I have a pandas DataFrame with more than 1.1 million rows.
My code needs to achieve the following:
given a list of ids, lets say:
ids = [1, 5, 8, 46, 55, 57, 143, 1003, 1564, ..., ]
and my huge pandas DataFrame which contains a column with id values:
df = pd.DataFrame({"id": [1, 2, 3, 4, 5, 6, 7, 8, 9, ... , 1000000],
"some_value": ["a", "b", "a", "c", "c", "a", "a", "d", "f", ... , "a"],
"another_value": ["x", "y", "x", "z", "q", "x", "x", "x", "z", ... , "y"]
})
(The DataFrame is ordered along the id column, should that help)

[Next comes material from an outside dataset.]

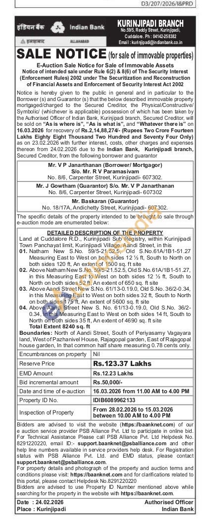 Land at Cuddalore R.D., Kurinjipadi Sub Registry, within Kurinjipadi Town Panchayat limit, Kurinjipadi Village, Aandi Street, in this 01. Natham New S.No. 59/5-21.52.5, Old S.No.61A/1B1-51.27 Measuring East to West on both sides 12% ft, South to North on both sides 120 ft. An extent of 1500 sq. ft site 02. Above Natham New S.No. 59/5-21.52.5, Old S.No. 61A/1B1-51.27, in this Measuring East to West on both sides 12% ft, South to North on both sides 52 ft, An extent of 650 sq. ft site 03. Above Aandi Street New S.No. 61/13-0.19.0, Old S.No. 36/2-0.34, in this Measuring East to West on both sides 32 ft, South to North on both sides 175 ft. An extent of 5600 sq. ft site 04. Above Aandi Street New S. No. 61/13-0.19.0, Old S.No. 36/2-0.34, in this Measuring East to West on both sides 14 ft, South to North on both sides 35 ft. An extent of 4690 sq. ft site. Total Extent 8240 sq. ft Boundaries: North of Aandi Street, South of Periyasamy Vagayara land, West of Pazhanivel House, Rajagopal garden, East of Rajagopal house garden, In that common half share measuring 0.78 cents only

I want to add a Boolean column selected
which contains True
if the id
value is present in ids
, otherwise False
. The resulting DataFrame should have the column selected
like this:
[True, False, False, False, True, False, False, True, False, ... ]
Currently I implemented it this way:
df["selected"] = False
for i in segment_ids:
df.loc[df["id"] == i, "selected"] = True
It works like a charm, but the code takes about 20 minutes to run for my 1.1M rows DataFrame, which is very inconvenient.
How to achieve my goal in the least time-consuming way? Ideally I would like it to run in only a few minutes, but I don't know if this is possible.